Mario, primo paziente a morire col suicidio assistito in Italia
La sua battaglia è durata anni ed è stata costellata di ricorsi al Tribunale e denunce. Ora Mario – il nome di fantasia che era stato scelto per raccontare la sua storia e sostenere la sua battaglia – ha posto fine delle sue sofferenze, con il suicidio assistito che invocava da tempo. Il 44enne, originario delle Marche e tetraplegico da 12 anni in seguito a un incidente stradale, è il primo paziente italiano ad aver avuto accesso legalmente al trattamento, ma non senza un’ultima lotta: quella per pagarsi da solo la strumentazione e il farmaco necessari al suicidio assistito. Per farlo l’Associazione Luca Coscioni aveva organizzato una raccolta fondi, raggiungendo in poche ore 5mila euro.
Le ultime parole di Mario
«Non nego che mi dispiace congedarmi dalla vita, sarei falso e bugiardo se dicessi il contrario perché la vita è fantastica e ne abbiamo una sola. Ma purtroppo è andata così, ora finalmente sono libero di volare dove voglio», ha dichiarato Federico Carboni, vero nome di Mario. Si è spento alle 11.05 affidando ai presenti un ultimo pensiero: «Ho fatto tutto il possibile per riuscire a vivere il meglio possibile e cercare di recuperare il massimo dalla mia disabilità, ma ormai sono allo stremo sia mentale sia fisico. Non ho un minimo di autonomia della vita quotidiana, sono in balia degli eventi, dipendo dagli altri su tutto, sono come una barca alla deriva nell’oceano. Sono consapevole delle mie condizioni fisiche e delle prospettive future, quindi sono totalmente sereno e tranquillo di quanto farò”.

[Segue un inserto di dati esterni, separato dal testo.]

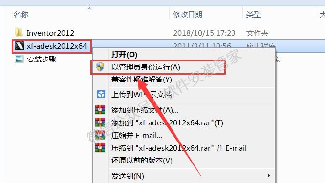 18.打开之前解压后的【Inventor2012】文件夹,选中【xf-adsk2012_x64】可执行文件,鼠标右击选择【以管理员身份运行】。
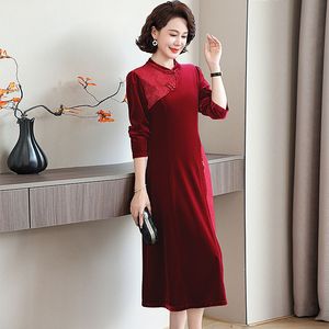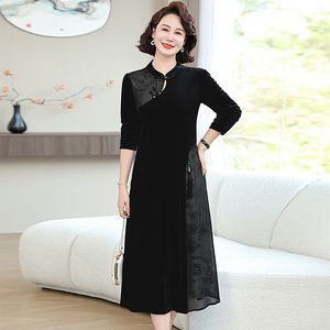 お母さんのおばあさんの中国式の気質の中高年の春秋の金のベルベットのワンピースの新型の改良のチャイナドレスのスカートの子供
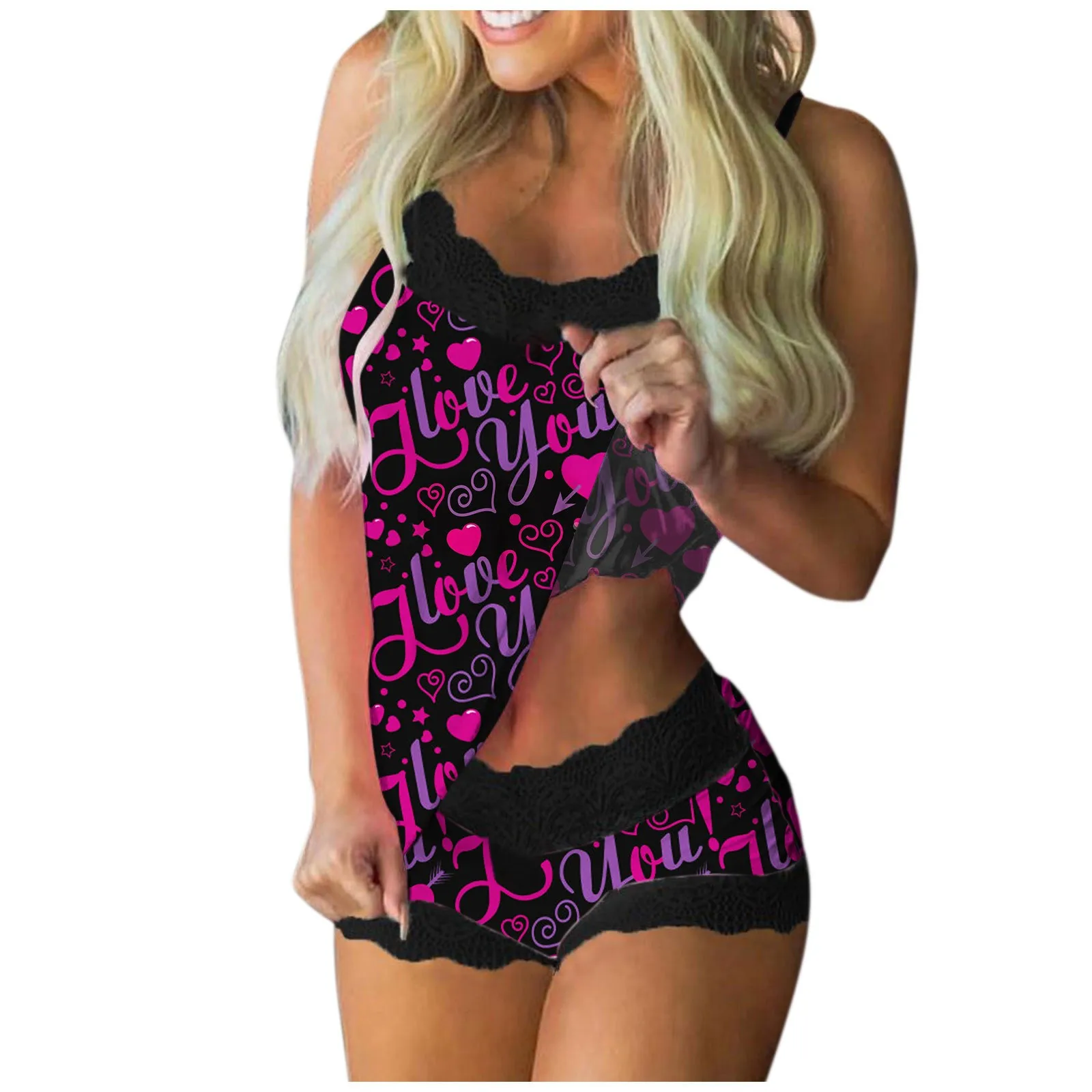 Women Print Pajamas Sleeveless Lace Cami Shorts Lingerie Sleepwear Set

Mario: “La lotta per essere liberi di scegliere”
Mario-Federico ha anche ringraziato l’Associazione Luca Coscioni, dicendo: «Ci siamo difesi attaccando e abbiamo attaccato difendendoci, abbiamo fatto giurisprudenza e un pezzetto di storia nel nostro Paese e sono orgoglioso e onorato di essere stato al vostro fianco». «Grazie a tutti – ha concluso – per avere coperto le spese del mio aggeggio, che poi lascerò a disposizione dell’Associazione Luca Coscioni per chi ne avrà bisogno dopo di me. Continuate a sostenere questa lotta per essere liberi di scegliere».
Ma a che punto è l’iter di legge?
A che punto è la legge
Dopo che la Cassazione a febbraio ha ritenuto non ammissibile il referendum sull’eutanasia legale, è arrivato a marzo il primo via libera al disegno di legge sul fine vita che è passato al Senato, dove però potrebbe essere meno facile ottenere un via libera su un testo che affronta una tema tanto delicato come il fine vita. In questo caso si parla di suicidio assistito e la proposta di legge nel primo articolo prevede «la facoltà della persona affetta da una patologia irreversibile e con prognosi infausta o da una condizione clinica irreversibile di richiedere assistenza medica, al fine di porre fine volontariamente e autonomamente alla propria vita». A votare contro è stato il centrodestra compatto, mentre il sostegno è arrivato all’unanimità da Pd, M5s, Leu e Italia viva (che però ha lasciato libertà di coscienza ai propri rappresentanti in Parlamento).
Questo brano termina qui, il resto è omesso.